4 Yersinia enterocolitica Good-luxuriant Positive reaction; Blackening of the medium.

Uses of Bile Esculin Test

  • The bile esculin test is a biochemical procedure utilized to extract enterococci as well as group D streptococci.
  • These organisms may be distinguished from viridans Streptococci and other Gram-positive germs using this method as well.
  • Bile esculin agar is a selective differential medium for the development of microorganisms such as Enterococcia, Listeria, and Yersinia enterocolitica.

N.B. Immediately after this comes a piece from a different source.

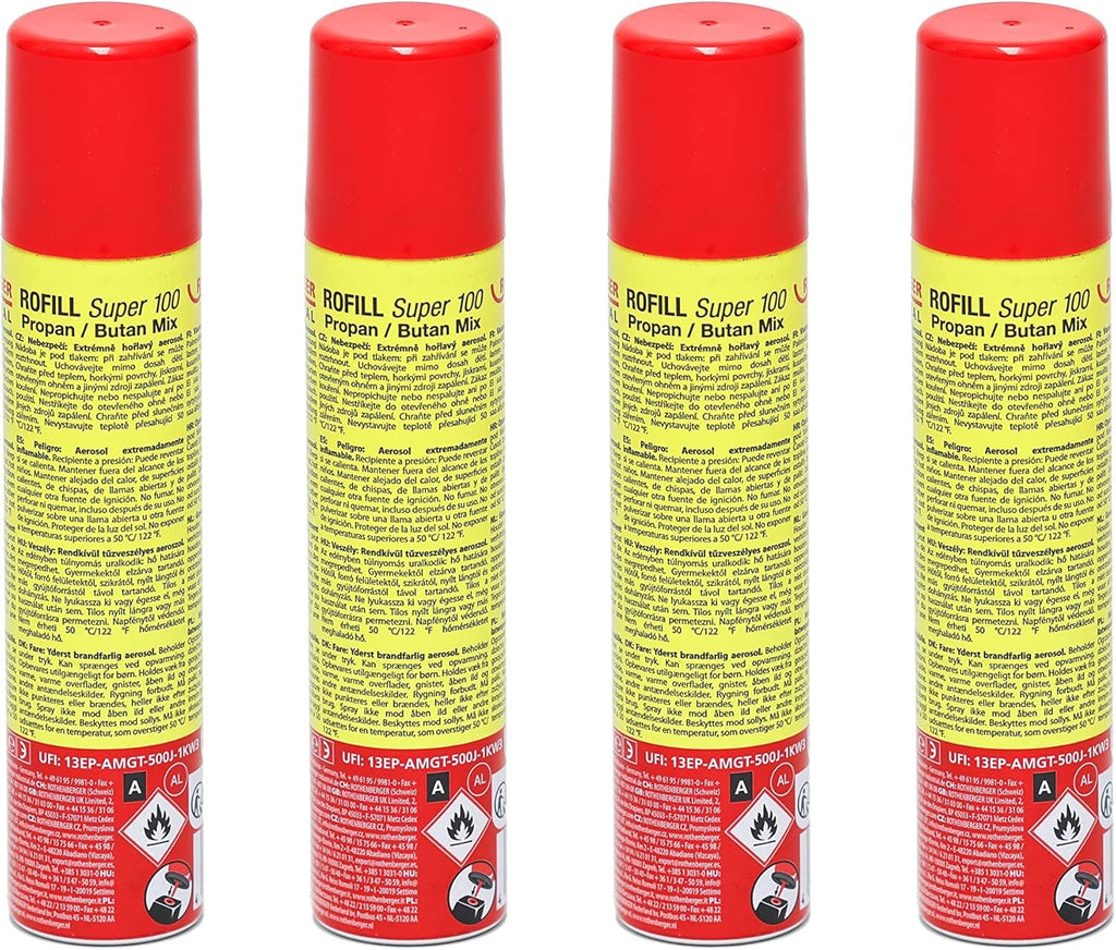 SET: 4x RoFill Super 100 ml / 56 g Brenngas-Kartusche

Limitations of Bile Esculin Test

  • Streptococci other than S. aureus are included in the viridans group if a substantial inoculum is utilised or if the content of bile is less than 40%. Bovis could respond well to bile-esculin agar.
  • Esculin tests done without bile are unable to differentiate S. bovis from other viridans group streptococci. Bovis was formerly known as group D streptococci.
  • The esculin hydrolysis test may generate false-positive findings because during metabolism, certain organisms may emit H2S, which may mix with iron to create a black complex.\
  • Some microbes, including E. Only after a lengthy incubation period can E. coli that produce -glucosidase provide a positive result in this test. However, if the test is being used to find -glucosidase in other species, lengthy incubation shouldn’t be performed.

References and Sources

  • Bile esculin agar. M1225. HiMedia Laboratories.
  • Biochemical Tests for the Identification of Aerobic Bacteria. (2016). Clinical Microbiology Procedures Handbook,–
  • Chuard, L. B. Reller. Bile-Esculin Test for Presumptive Identification of Enterococci and Streptococci: Effects of Bile Concentration, Inoculation Technique, and Incubation Time. Journal of Clinical Microbiology Apr 1998, 36 (4) 1135-1136; DOI: 10.1128/JCM.36.4.1135-1136.1998.